The reference to the MTD site is very helpful...and appreciated.

No question I've gotten older, but fortunately my health, and strength, is still good. My strength 'ain't' the problem. As a very senior citizen I can still manage the old creosoted railroad ties single handed for garden projects.


----------



## paulr44 (Oct 14, 2008)

There are a number of fuel line kits out there that'll fit many MTD, Troy-Bilt, Craftsman, Poulan, Ryobi and other mass-merchant units. I use one kit, that contains two sizes of lines, one for fuel feed, the other being smaller ID for primer lines. I'll try to remember to get the number from my work PC and post it.

The STIHL 4-mix motors are a good example of carbon buildup creating excessive compression. Usually it's the valve adj. being too large, making the deko ineffective.

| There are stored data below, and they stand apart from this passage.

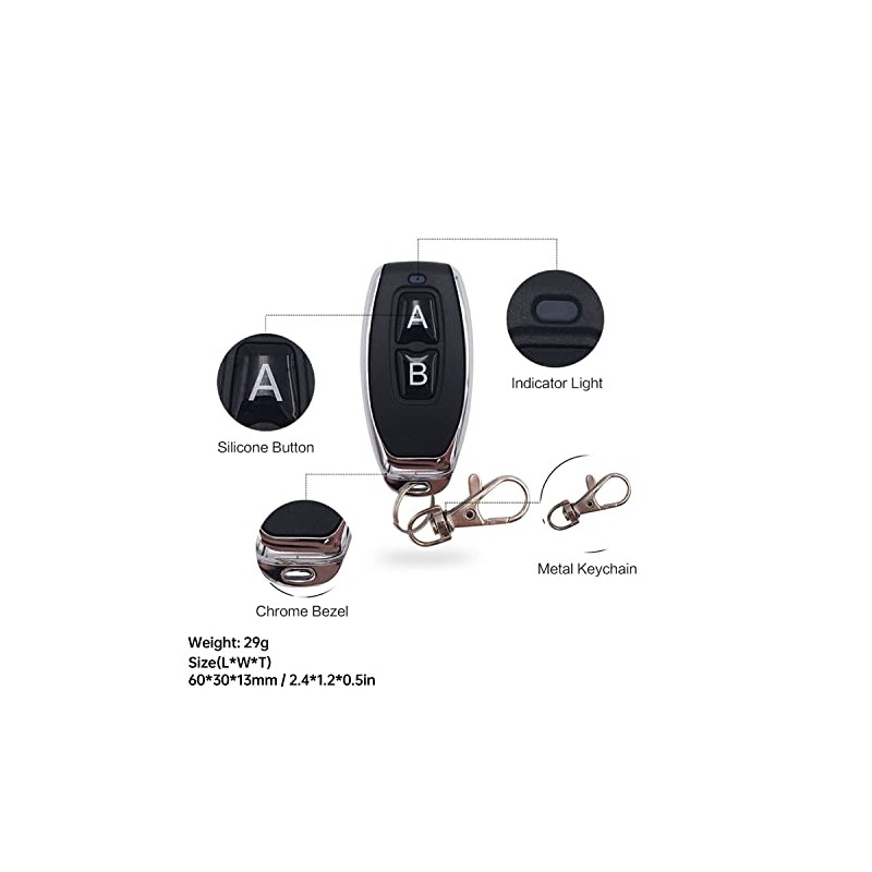 DieseRC 1527 Learning Code Wireless Remote Control Transmitter Keychain 433Mhz 2 Buttons, for use with DieseRC Receiver
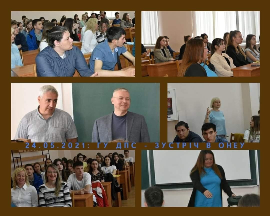 24 травня 2021 року в межах співпраці зі стейкхолдерами, на основі підписаного меморандуму, відбулася зустріч з заступником начальника Головного управління ДПС в Одеській області Анатолієм Бондаренко та начальником управління кадрового забезпечення та розвитку персоналу ГУ ДПС в Одеській області Романом Кириленко щодо працевлаштування до податкової служби регіону. Здобувачі третього рівня вищої освіти, студенти, випускники та працівники університету прийняли активну участь у зустрічі. У форматі відкритого діалогу обговорили питання стосовно умов проходження практики, стажування, працевлаштування в різних структурних підрозділах податкової служби області, конкурсного відбору, умов праці та подальшого кар’єрного росту, а також різні питання податкової законодавства.
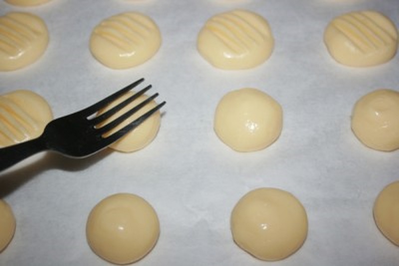 Przykryj blachę do pieczenia papierem i ułóż tam powstałe smakołyki, nie zapominając o zachowaniu odległości między nimi. Naciśnij każdą kulkę lekko widelcem.
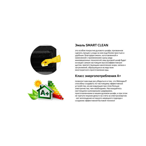 Класс энергопотребления А+ позволит вам еще раз убедиться в том, что Weissgauff способны создавать по-настоящему эффективные устройства, не расходующие при этом больше электричества, чем необходимо. Наслаждайтесь настоящими кулинарными шедеврами, приготовленными в нашем духовом шкафе, и при этом не тратьте лишние деньги на счета за электроэнергию - вот воплощение истинного немецкого подхода к созданию эффективной бытовой техники!
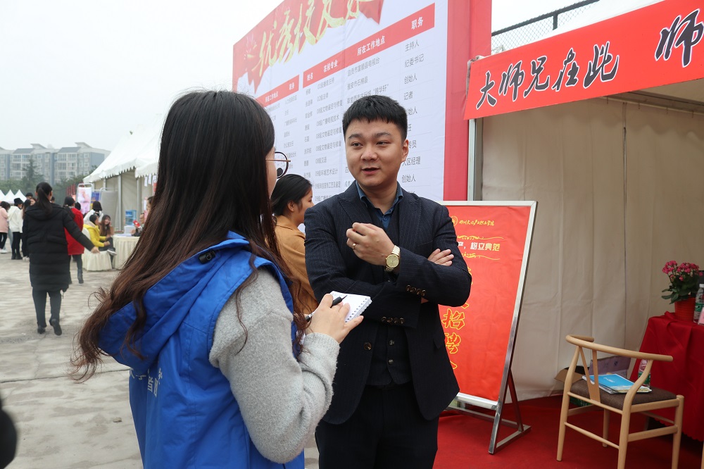 一批优秀校友也带着招聘岗位荣归母校,其中包括成都钻定一生珠宝有限公司总经理何剑,他是09级珠宝首饰工艺与鉴定专业毕业生。他在雅安白手起家,四年里用心经营,辛苦打拼,现已成功在多个城市共开设了23家加盟店。回到母校的他倍感荣幸,面对母校的变化他更是感到无限的欣喜。在展选会现场,他积极支招,希望学弟学妹们在大学期间认真学习专业技能,主动提升实践能力,培养吃苦耐劳的工作精神,一切从小事做起,保持心态,学会沉淀。
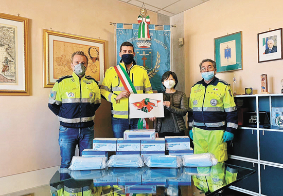就像威尼托大区某市的市长在感谢视频里说的那样:“我曾以为我们相距万里,但实际上只是地理上相距万里而已。在我们的国家,我们的城市需要帮助的时候,是你们站在我们身旁,捐赠了这些宝贵的物资。在这艰难的日子里,这些物资是基本所需,甚至比面包还要不可或缺。”他笔直地站在办公室窗前,身上披着意大利国旗绶带。话末,他伸出双臂,隔空做出一个意大利式的“拥抱”。
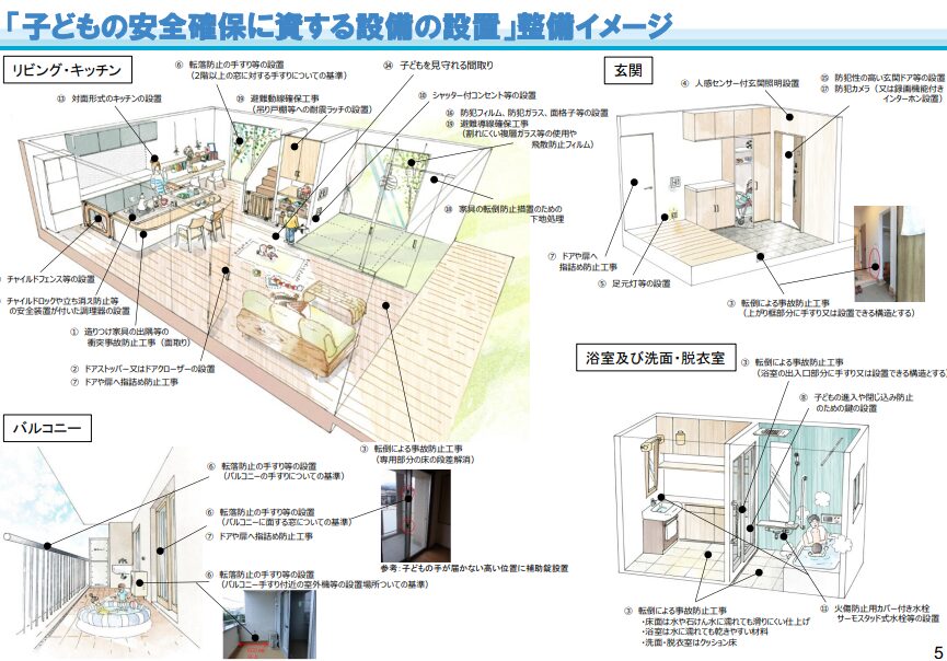 子育て世帯が安心して暮らせる集合住宅の普及促進を目的とした制度です。補助対象は「子どもの安全・安心、親が快適に暮らせる環境の確保に資する設備の設置」で、子どもの安全確保に関する工事の補助金額は下記の通りです。
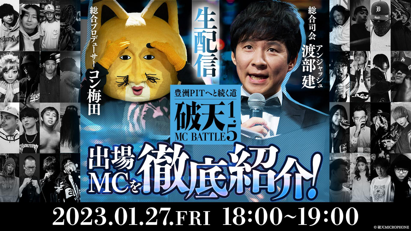 『破天MCBATTLE 1.5』1月27日(金)18時より破天公式YouTubeチャンネルにて、総合司会・アンジャッシュ渡部建&総合プロデューサー・コン梅田による出場MC紹介YouTube生配信決定!
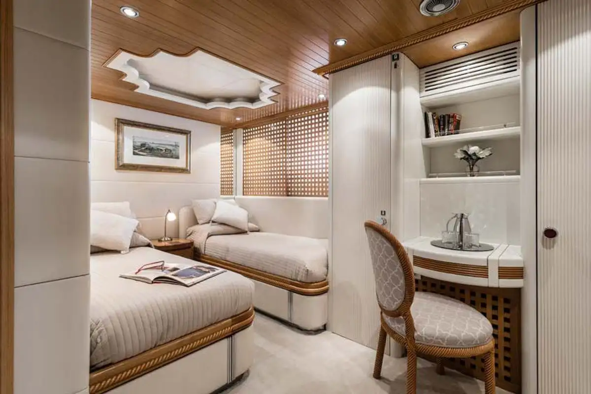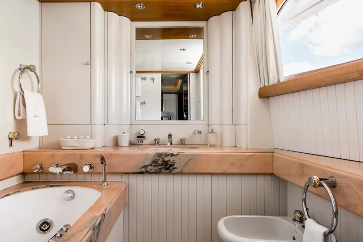 Up forward on the main deck, the master suite is a beautifully finished full-beam cabin with an abundance of natural light and two separate his-and-hers bathrooms en suite. The other guest cabins, all on the lower deck, include two large doubles and two twins, one of which has an extra pullman bunk.
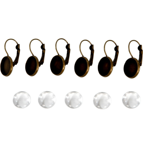 1 kép PC Fém fülbevaló alap, lencsével kör alakú, 12mm - bronz 1 pár
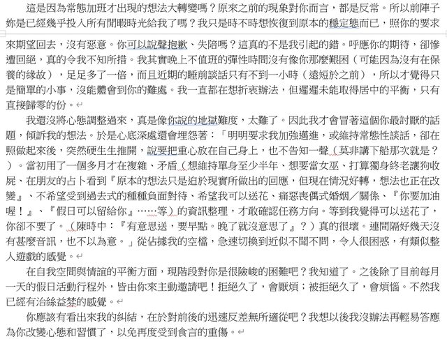 : 所以我猜想她比較喜歡一起享樂的感覺。最近回想起來,在她開始常態加班之後,最恰當
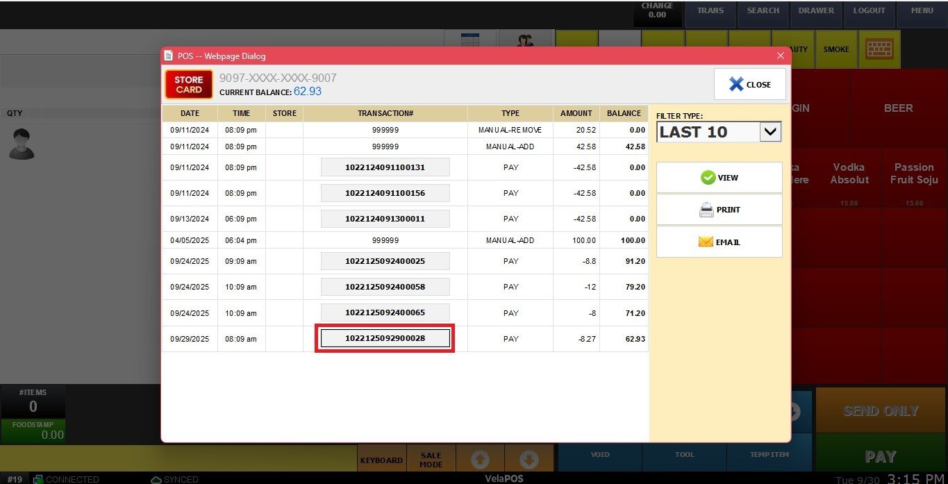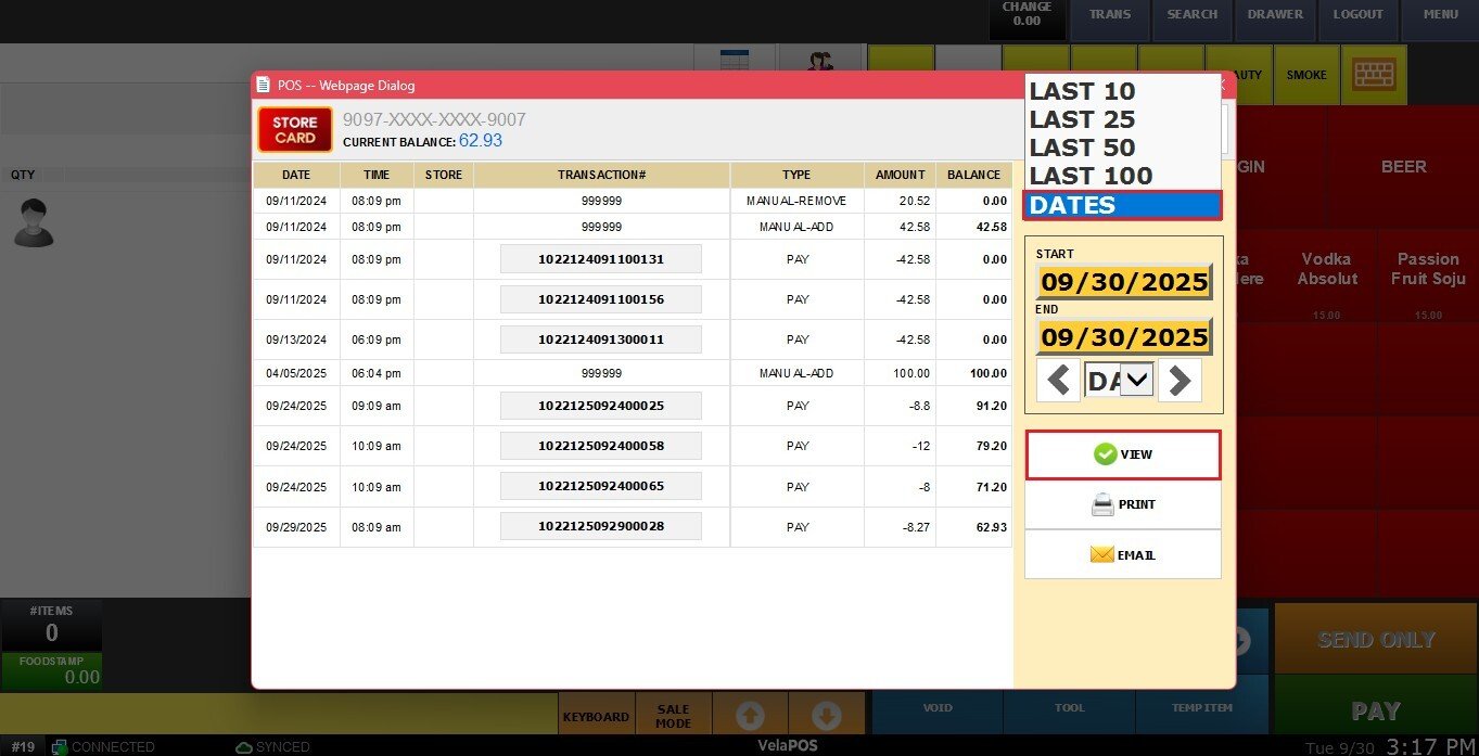A detailed report of all transactions made with the storecard will pop up, including the current balance at the top of the screen.
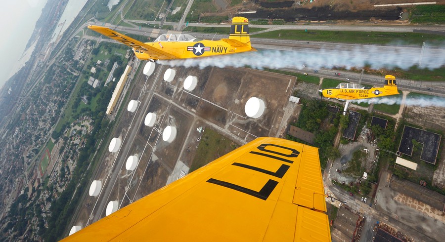 Read moreThe Lima Lima Flight Team flies near the Gary/Chicago International Airport above Gary, Indiana, on August 16, 2012. The planes, Beech T-34 Mentors, were used as training aircraft for the U.S. Navy and Air Force during the 1940's. #
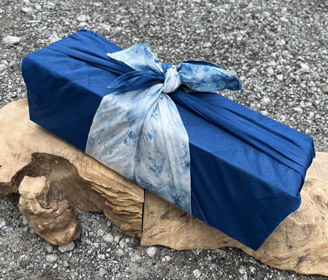 竜宮から引き上げられた熟成酒は、今回は特別な布で包まれてお届けいたします。その布は、自然から生み出される色とは思えないほど美しく神秘的な天然藍で染められています。この特別な藍染めは、常滑の小さな藍染め屋さんが「知多藍」と呼ばれる技法を使って丁寧に染め上げました。私たちは、自然と調和したこの素晴らしい「たまてばこ」を皆様のお手元にお届けいたします。
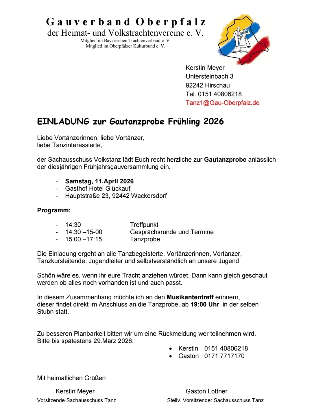 Der Sachausschuss Volkstanz des Oberpfälzer Gauverbands lädt anlässlich der diesjährigen Frühjahrsversammlung recht herzlich zur Gautanzprobe ein.
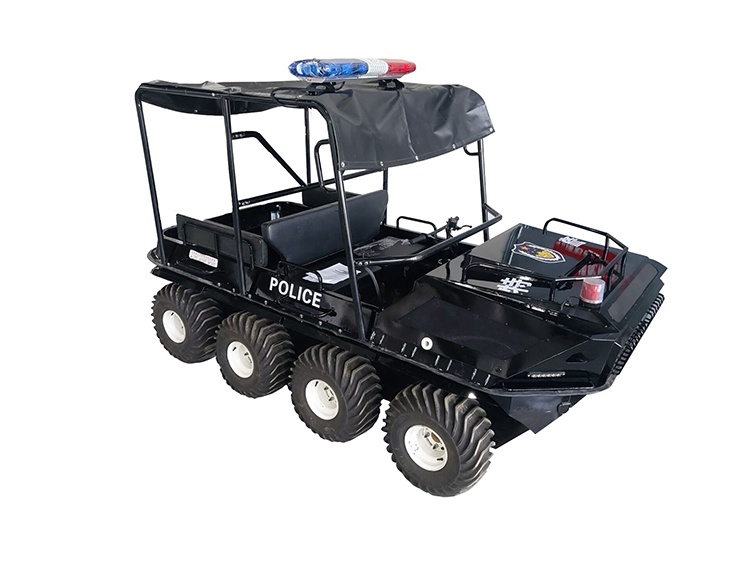 在復(fù)雜惡劣的地形條件和自然環(huán)境下,水陸兩棲全地形車可以讓搜救隊員和攜帶的救援裝備快速到達(dá)救援現(xiàn)場,減少徒步帶來提供消耗,完成最后一公里最好五分鐘緊急救援任務(wù)。水陸兩棲全地形車可配備點到絞盤、救援擔(dān)架組件、探照燈、警示燈、警報器、脫鉤、破拆工具等裝備, 給救援團(tuán)隊提供救援保障,更安全的解救傷員和疏散群眾。
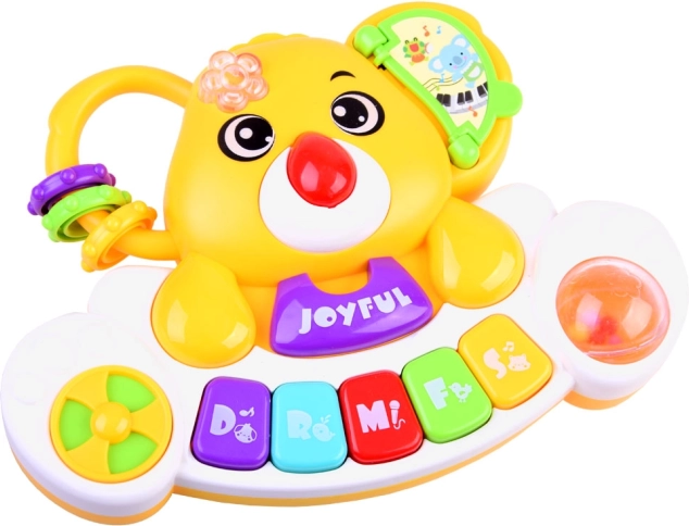 Prisrčen otroški klavirček v obliki medvedka bo razveselil vsakega dojenčka in malčka. Ponuja več igralnih načinov s toni, melodijami in živalskimi zvoki, barvno osvetljeno lučko ter interaktivne elemente za razvoj fine motorike.
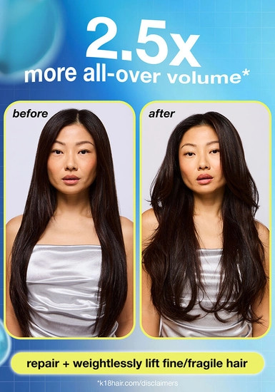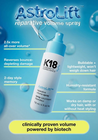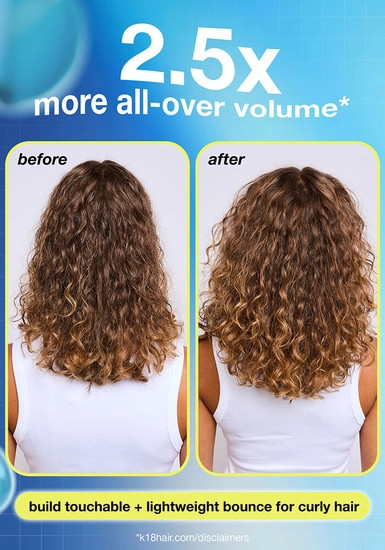A buildable, lightweight volume spray formulated with the K18PEPTIDE™ to reverse damage that can especially impact fine, fragile, and aging hair and a hair fiber volumizing blend to help hair look and feel fuller, for flexible and touchable bounce from roots to ends. Improves volume for up to 2 days.
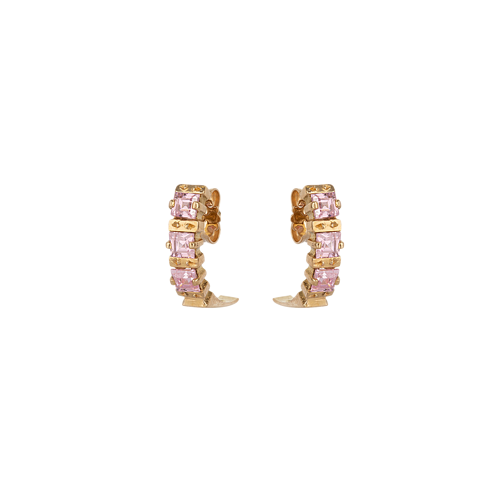 Brinco de ouro amarelo com morganitas. Medida 1,7cm.

After adj. the valves some of them still are hard to pull over, and it's due to carbon buildup. Some 2-strokes when heavily carboned will actually have piston interference, and with the plug out will have a hard-spot when cranking at TDC. Kind of rare, but not uncommon.

Paul


----------



## paulr44 (Oct 14, 2008)

I finally remembered to get the numbers. I use the ...599 kit most often as it contains a smaller OD/ID line that'll fit the tiny primer nipples on some box-store units. The lines in the kit are more than enough to do any one repair, often enough to do two.

POULAN OEM 530069216 FUEL LINE KIT 3/16 OD X 3/32 ID (2 foot of 1 size)
POULAN OEM 530069599 FUEL LINE KIT W/ 2 LINE SIZES (with length of 3/16 x 3/32 + length of the smaller primer line)
"Micro" nipple fuel filter EHP 530095646

And if this helps you or anyone for some Echo lines or box-store units:
Most units will use 3/32 ID, 3/16 OD Stens 115-327	THICK wall
Some units will use 1/8 ID, 3/16 OD Stens 115-331	THIN wall

I keep this and a lot of carb. information handy at work, in computer files. It helps not having to re-research shit like this.


----------